2022

Speculation’s Spatial Terms

Architectural Theory Review 24

my thanks to
Jasper Ludewig
Maren Koehler

The episodic crash and burn of large-scale “new city” projects is part of the contemporary reality of architectural production. Such projects have been described as cases of “phantom urbanism,” “ghost cities,” “ruins” or cities that never were.(1) Their photographic documentation often conveys the pathos of an unfulfilled “promise”—the failed experiments of urbanization used as a mechanism for financial speculation and economic development.(2)We have been shown how “new financial tools” and “increasingly complex transactional instruments” facilitate the circulation of capital into these sites of intervention.(3) The fluid forces of finance co-opt regional political economies under the camouflage of “smarter,” “greener” and “more efficient” cities. When things go awry, the buildings and infrastructure left behind adopt an ambivalent position, as instruments of—and somehow subject to—the domineering force of capital.

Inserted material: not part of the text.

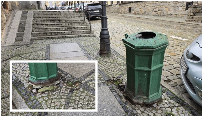 Ciężkie, metalowe pojemniki na odpady od lat są stałym elementem krajobrazu w centrum Świdnicy. Na ul. Pułaskiego kosz od dłuższego czasu był osadzony w chodniku byle jak. 20 października w tej sprawie skierowaliśmy pytania do urzędu miejskiego, próbując dociec, kto odpowiada za troskę o mała infrastrukturę w mieście i jakie działania zostały podjęte, by wyeliminować zagrożenie?

This script could also be applied to Amaravati, a new capital city with a planned population of 3.2 million people in the southern Indian state of Andhra Pradesh (AP) announced in 2014. The site chosen for this new city is an hour and a half’s drive from India’s eastern coastline and six hours north of Chennai by train. Today, a grid of partly finished arterial roads marks out the 217 square kilometers of once fertile agricultural land that was set aside for the project. Buildings—a handful completed; many others abandoned—are strewn throughout this landscape. Some are in use, such as two hastily designed university campuses. Others are monolithic concrete shells in various stages of completion. Elsewhere, vast pits of excavated ground and solitary foundations identify the Government Complex, a 1,575-acre strip located at the center of the city. This complex was supposed to contain secretariat towers, a state supreme court building and a parliament house, all designed by Foster + Partners.